Goal of the exercise —
Transcribe all of the records word for word, but omit the pictures.

Data provided —

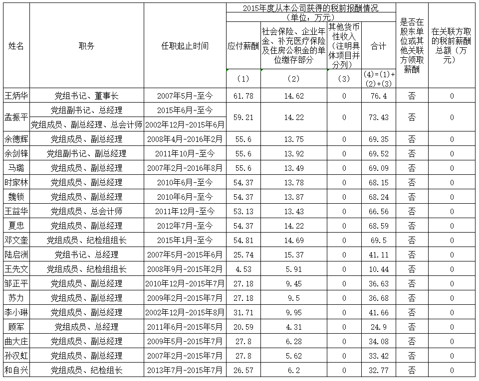 備注:上表披露信息為我公司企業(yè)負(fù)責(zé)人2015年度全部應(yīng)發(fā)稅前薪酬,按國家規(guī)定由單位繳存各種社會保險(xiǎn)等。其中,第(1)項(xiàng)由國務(wù)院國資委核定。
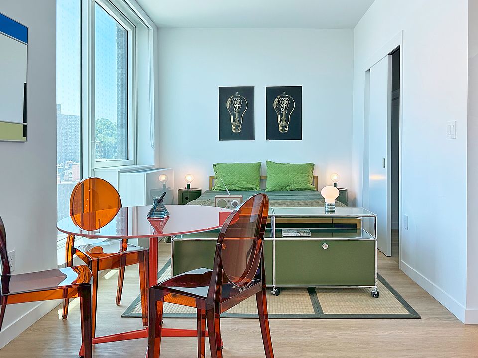A world of wonder awaits at Forty Six Fifty; a stunning collection of brand new studio, one, and two bedroom homes in Inwood, overlooking Fort Tryon Park and The Cloisters at the northern tip of Manhattan. Striking architecture and sustainable design by Arden Group deliver a lifestyle that exceeds expectations, marrying the quiet elegance of Inwood with seamless access to the rest of the city. Biophilic features like a living green lobby and landscaped rooftop offer a home in-tune with nature. Lush terraces and manicured gardens allow for a sense of escape from the grind, while some of the city's most beloved park spaces provide the ideal backyard. Go beyond the ordinary, at a lifestyle oasis that features stunning interiors and extraordinary amenities, all with panoramic park and river views. Enjoy meticulously-crafted residences with generous interiors and state-of-the-art finishes, as part of an experience in truly holistic living that goes beyond and above anything that has come before. Amenity Features Include: - Double Height Wood-Paneled Lobby, with Stone Fireplace Feature Wall and Green Wall - Package Room - Amenity Lounge with Co-Working and Individual - Phone Booths - Private Lounge with Demonstration Kitchen - Children's Playroom - Pet Spa - Resident Storage Available - Bicycle Storage Available - Onsite Garage Parking Available - Game Lounge with Billiards, Pinball, Shuffleboard, Foosball, Video Games, Projector Screen and Wetbar - Smart Lending Library - Fitness Center offering Precor Equipment and Peloton Bikes - Yoga Room - Basketball Court - Landscaped Terrace with Outdoor Lounge, Pool Table, Chaise Lounges and Barbecue Grills Residence Features: - Soaring Ceilings Over 9' - Luxury White Oak Vinyl Wide Plank Flooring - Oversized VIEW Smart Windows - Complimentary Blackout Roller Shades in Bedrooms - In-Home Bosch Washer/Dryers - Smart Keyless Home Entry - Oak Veneer Custom Designer Vanity with Stainless Steel Pulls - White Solid Surface Countertops - Contessa Dama Porcelain Tiled Floors and Wet Walls - Grey Waterfall Mosaic Tiled Porcelain Feature Wall - Calacatta Porcelain Tile Baseboards - Kohler Polished Chrome Fixtures - Mirrored Medicine Cabinets with Integrated Lighting - GE Stainless Steel Appliance Package with Induction Range - Designer White High Gloss Cabinetry with Stainless Steel Pulls and Undercabinet Lighting - Calacatta Capri Quartz Countertop and Backsplash - Kohler Pull-Out Faucet in Vibrant Stainless For convenient commuting, Forty Six Fifty is located moments from multiple bus stops, the Dyckman Street Subway Station with express A Train service, the 1 Train at 107th Street Station, The West Side Highway, as well as public and private parking. Prices and features are subject to change. All apartments are exempt from rent control. All images are a combination of photography and artist renderings and are provided for illustrative purposes only.
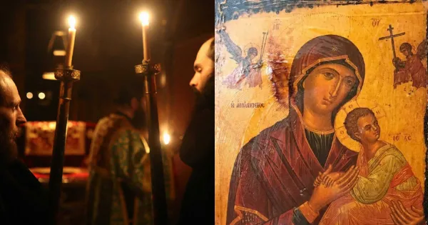 Μόλις κατάφεραν και έσβησαν τη μικρή φωτιά , είδαν έκπληκτοι πως σε εικόνα της Παναγίας, στο σημείο που είχε καεί, εμφανίσθηκε το σημείο του Σταυρού.
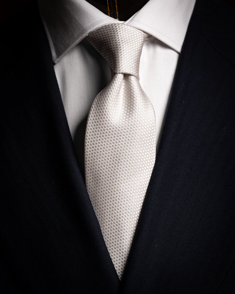 • Trama: Pattern geometrico-floreale a ripetizione. L’alta densità di punti jacquard assicura che il motivo mantenga la sua simmetria perfetta anche in prossimità del nodo.
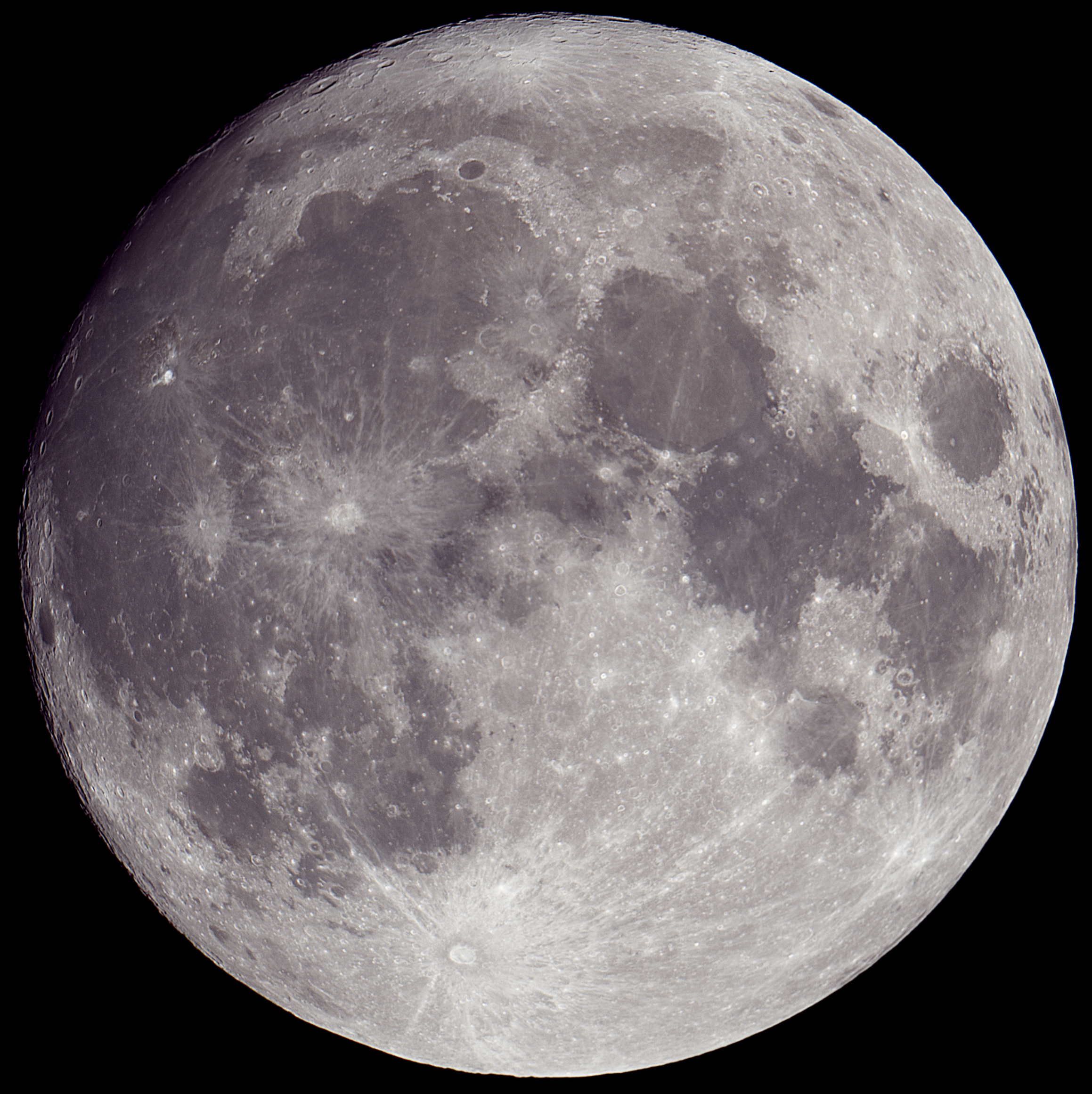 Moon Age: 13.92 days old Each Exposure: 100 x 1/1000 stacked, 25 dark frames stacked and removed with Maxim DSLR ISO: 1600 Final Result: Stitch of 2 separate exposures (to cover the full Moon) with Photoshop Date: 18th May 2008 Time: 10:35 pm CST Telescope: Celestron CPC 800 (8") Camera: Nikon D70

Reply —
 備注:上表披露信息為我公司企業(yè)負(fù)責(zé)人2015年度全部應(yīng)發(fā)稅前薪酬,按國家規(guī)定由單位繳存各種社會保險(xiǎn)等。其中,第(1)項(xiàng)由國務(wù)院國資委核定。
A world of wonder awaits at Forty Six Fifty; a stunning collection of brand new studio, one, and two bedroom homes in Inwood, overlooking Fort Tryon Park and The Cloisters at the northern tip of Manhattan. Striking architecture and sustainable design by Arden Group deliver a lifestyle that exceeds expectations, marrying the quiet elegance of Inwood with seamless access to the rest of the city. Biophilic features like a living green lobby and landscaped rooftop offer a home in-tune with nature. Lush terraces and manicured gardens allow for a sense of escape from the grind, while some of the city's most beloved park spaces provide the ideal backyard. Go beyond the ordinary, at a lifestyle oasis that features stunning interiors and extraordinary amenities, all with panoramic park and river views. Enjoy meticulously-crafted residences with generous interiors and state-of-the-art finishes, as part of an experience in truly holistic living that goes beyond and above anything that has come before. Amenity Features Include: - Double Height Wood-Paneled Lobby, with Stone Fireplace Feature Wall and Green Wall - Package Room - Amenity Lounge with Co-Working and Individual - Phone Booths - Private Lounge with Demonstration Kitchen - Children's Playroom - Pet Spa - Resident Storage Available - Bicycle Storage Available - Onsite Garage Parking Available - Game Lounge with Billiards, Pinball, Shuffleboard, Foosball, Video Games, Projector Screen and Wetbar - Smart Lending Library - Fitness Center offering Precor Equipment and Peloton Bikes - Yoga Room - Basketball Court - Landscaped Terrace with Outdoor Lounge, Pool Table, Chaise Lounges and Barbecue Grills Residence Features: - Soaring Ceilings Over 9' - Luxury White Oak Vinyl Wide Plank Flooring - Oversized VIEW Smart Windows - Complimentary Blackout Roller Shades in Bedrooms - In-Home Bosch Washer/Dryers - Smart Keyless Home Entry - Oak Veneer Custom Designer Vanity with Stainless Steel Pulls - White Solid Surface Countertops - Contessa Dama Porcelain Tiled Floors and Wet Walls - Grey Waterfall Mosaic Tiled Porcelain Feature Wall - Calacatta Porcelain Tile Baseboards - Kohler Polished Chrome Fixtures - Mirrored Medicine Cabinets with Integrated Lighting - GE Stainless Steel Appliance Package with Induction Range - Designer White High Gloss Cabinetry with Stainless Steel Pulls and Undercabinet Lighting - Calacatta Capri Quartz Countertop and Backsplash - Kohler Pull-Out Faucet in Vibrant Stainless For convenient commuting, Forty Six Fifty is located moments from multiple bus stops, the Dyckman Street Subway Station with express A Train service, the 1 Train at 107th Street Station, The West Side Highway, as well as public and private parking. Prices and features are subject to change. All apartments are exempt from rent control. All images are a combination of photography and artist renderings and are provided for illustrative purposes only.
 Μόλις κατάφεραν και έσβησαν τη μικρή φωτιά , είδαν έκπληκτοι πως σε εικόνα της Παναγίας, στο σημείο που είχε καεί, εμφανίσθηκε το σημείο του Σταυρού.
 • Trama: Pattern geometrico-floreale a ripetizione. L’alta densità di punti jacquard assicura che il motivo mantenga la sua simmetria perfetta anche in prossimità del nodo.
 Moon Age: 13.92 days old Each Exposure: 100 x 1/1000 stacked, 25 dark frames stacked and removed with Maxim DSLR ISO: 1600 Final Result: Stitch of 2 separate exposures (to cover the full Moon) with Photoshop Date: 18th May 2008 Time: 10:35 pm CST Telescope: Celestron CPC 800 (8") Camera: Nikon D70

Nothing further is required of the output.